Problem: Your task is to transcribe exactly, and only, the lines running from the one with "εHf(t) vs. U–Pb" to the end of the listing below, inclusive, with every picture left out.

Data excerpt:
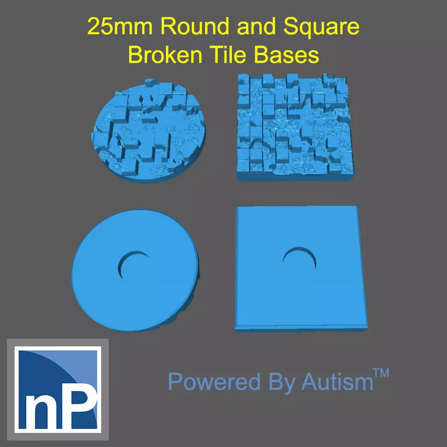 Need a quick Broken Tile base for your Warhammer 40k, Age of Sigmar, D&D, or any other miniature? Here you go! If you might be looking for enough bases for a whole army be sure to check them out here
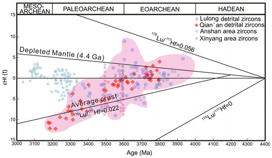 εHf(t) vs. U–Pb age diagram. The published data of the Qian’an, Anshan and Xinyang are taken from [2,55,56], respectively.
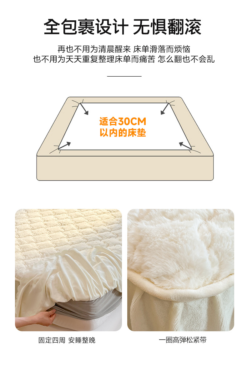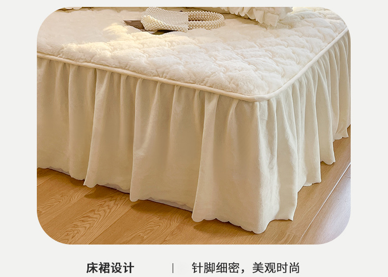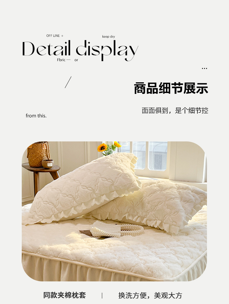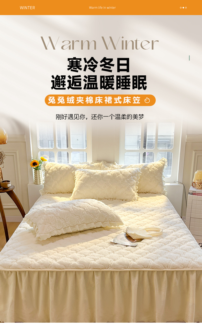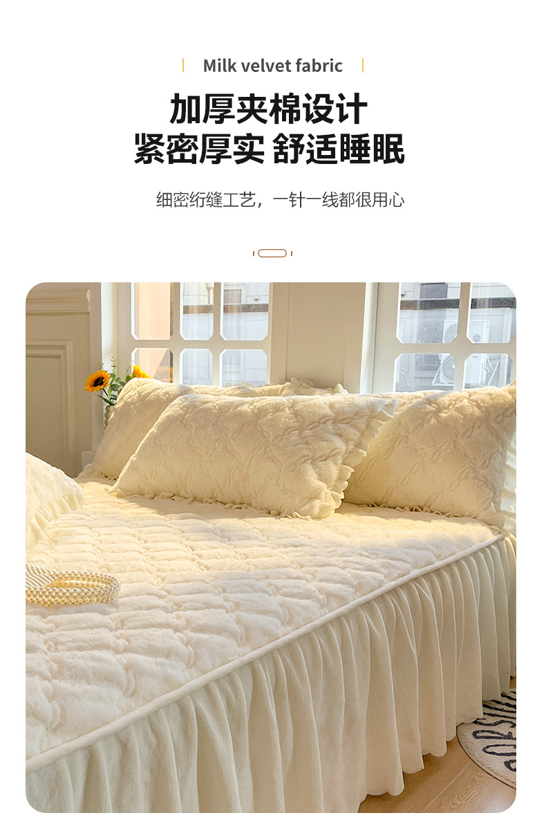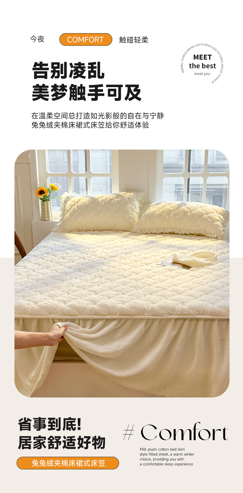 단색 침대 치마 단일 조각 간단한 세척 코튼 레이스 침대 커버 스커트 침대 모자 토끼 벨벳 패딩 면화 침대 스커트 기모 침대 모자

Solution to the exercise:
 εHf(t) vs. U–Pb age diagram. The published data of the Qian’an, Anshan and Xinyang are taken from [2,55,56], respectively.
 단색 침대 치마 단일 조각 간단한 세척 코튼 레이스 침대 커버 스커트 침대 모자 토끼 벨벳 패딩 면화 침대 스커트 기모 침대 모자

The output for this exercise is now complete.